» WORK TASK
Nothing but the lines from the one containing "Предлагается к продаже" through the last line of the data below should be returned, each exactly as it stands, pictures excluded.
== SOURCE MATERIAL ==
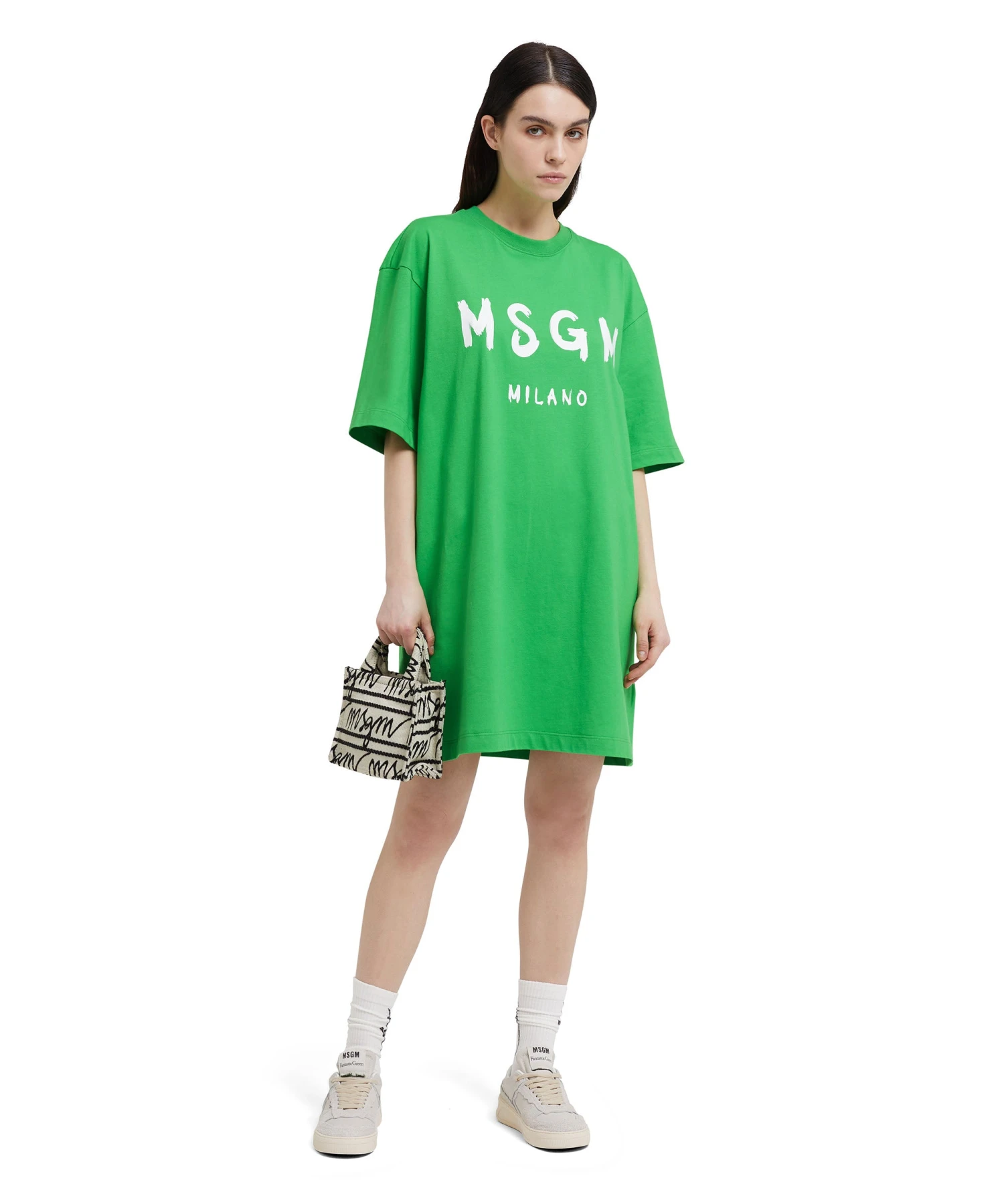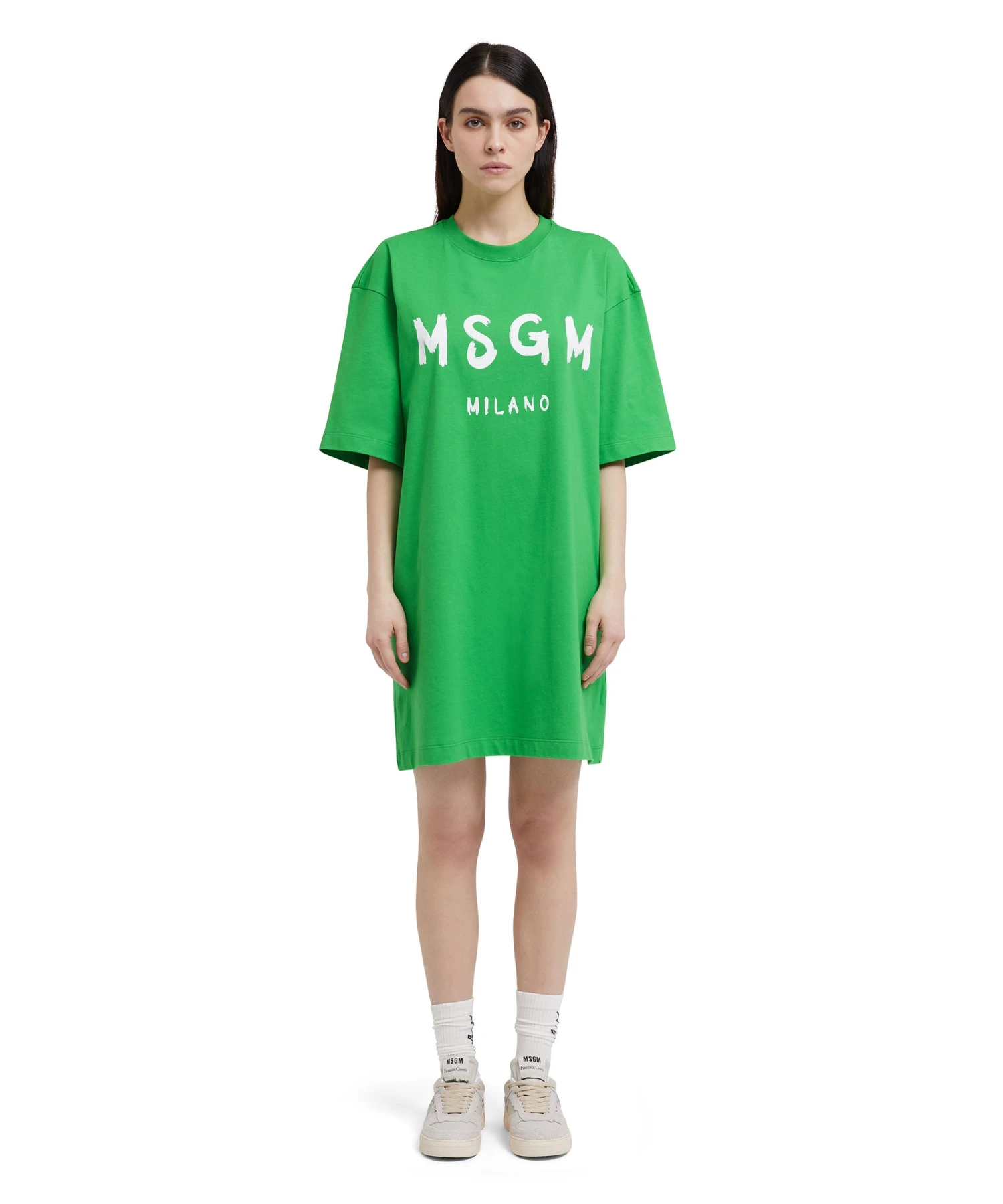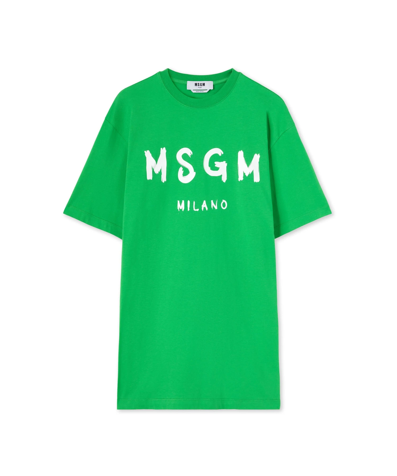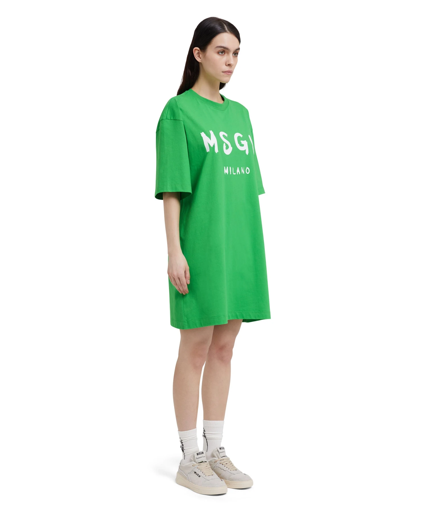 Solid color cotton t-shirt dress with contrasting MSGM brushstroke logo on the front. Oversize fit.
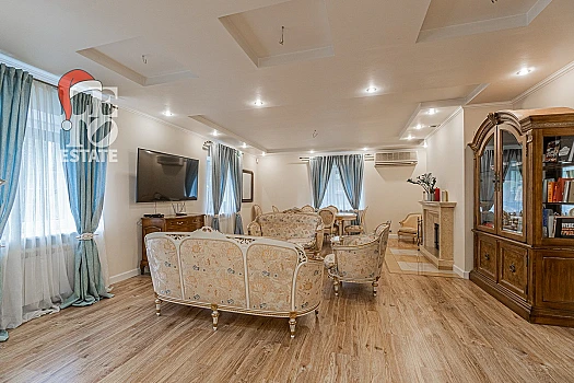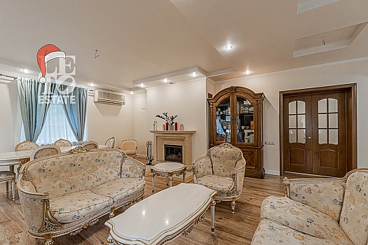 Предлагается к продаже кирпичный коттедж общей площадью 440 м² на участке 20 соток в охраняемом коттеджном поселке.Цокольный этаж просторный холл, спортивный зал, санузел, СПА, душевая, санузел, комната отдыха, мини кухня, котельная, постирочная, комната для обслуживающего персонала или гостевая спальня.Первый этаж прихожая, санузел, кабинет, холл, кухня, столовая, с выходом на террасу, просторная гостиная с камином и выходом на террасу, терраса с патио и камином.Второй этаж Холл, 3 спальных комнаты с санузлами, гардеробными и балконами.Третий этаж помещение свободного назначения.Участок крайний в поселке. На участке сосны, альпийская горка, летний бассейн, две застекленные беседки.Цена 1 200 000
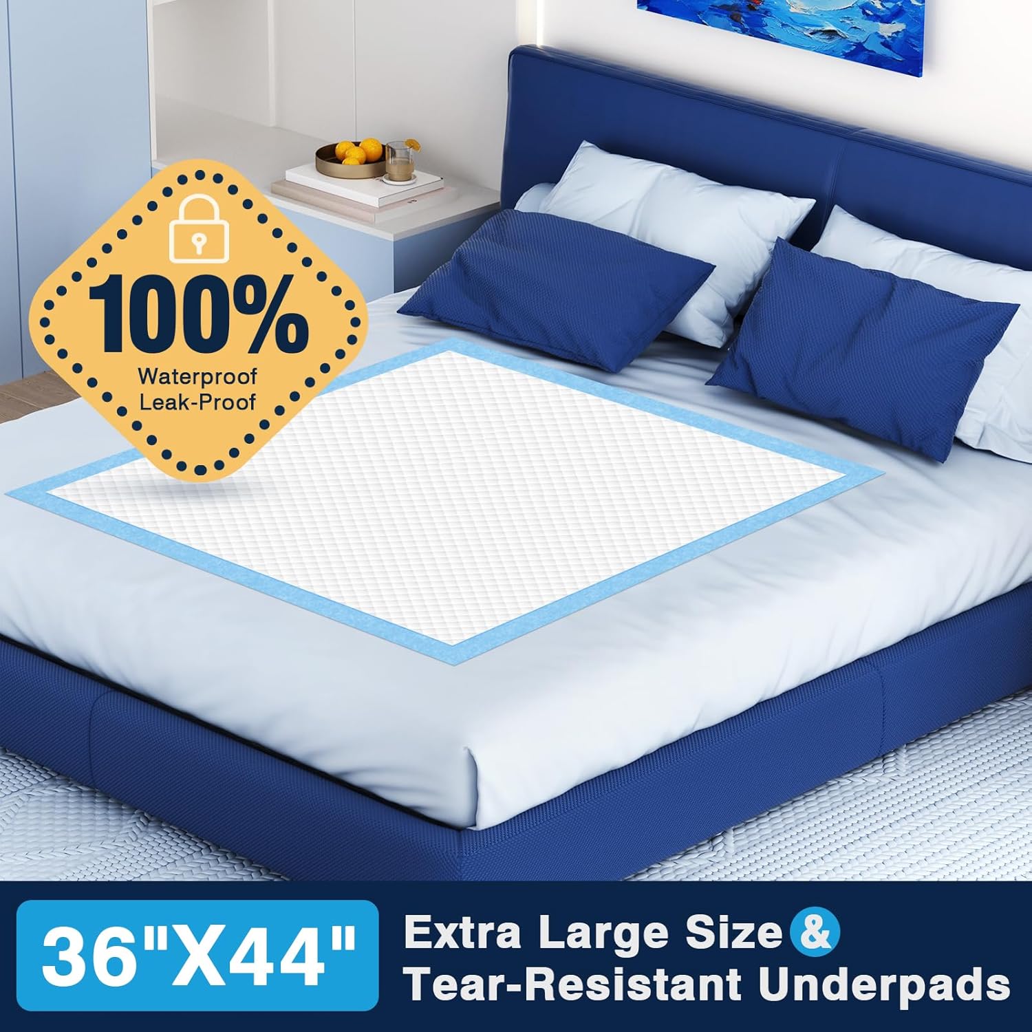 AAY Heavy Duty Disposable Bed Pads 36"X44" (40pcs) Tear-Resistant Cloth Backing Underpads Extra Large Super Absorbent Pee Pads Incontinence Waterproof Chucks Pads for Adults Elderly, Kids or Puppy
===
» EXERCISE OUTPUT
 Предлагается к продаже кирпичный коттедж общей площадью 440 м² на участке 20 соток в охраняемом коттеджном поселке.Цокольный этаж просторный холл, спортивный зал, санузел, СПА, душевая, санузел, комната отдыха, мини кухня, котельная, постирочная, комната для обслуживающего персонала или гостевая спальня.Первый этаж прихожая, санузел, кабинет, холл, кухня, столовая, с выходом на террасу, просторная гостиная с камином и выходом на террасу, терраса с патио и камином.Второй этаж Холл, 3 спальных комнаты с санузлами, гардеробными и балконами.Третий этаж помещение свободного назначения.Участок крайний в поселке. На участке сосны, альпийская горка, летний бассейн, две застекленные беседки.Цена 1 200 000
 AAY Heavy Duty Disposable Bed Pads 36"X44" (40pcs) Tear-Resistant Cloth Backing Underpads Extra Large Super Absorbent Pee Pads Incontinence Waterproof Chucks Pads for Adults Elderly, Kids or Puppy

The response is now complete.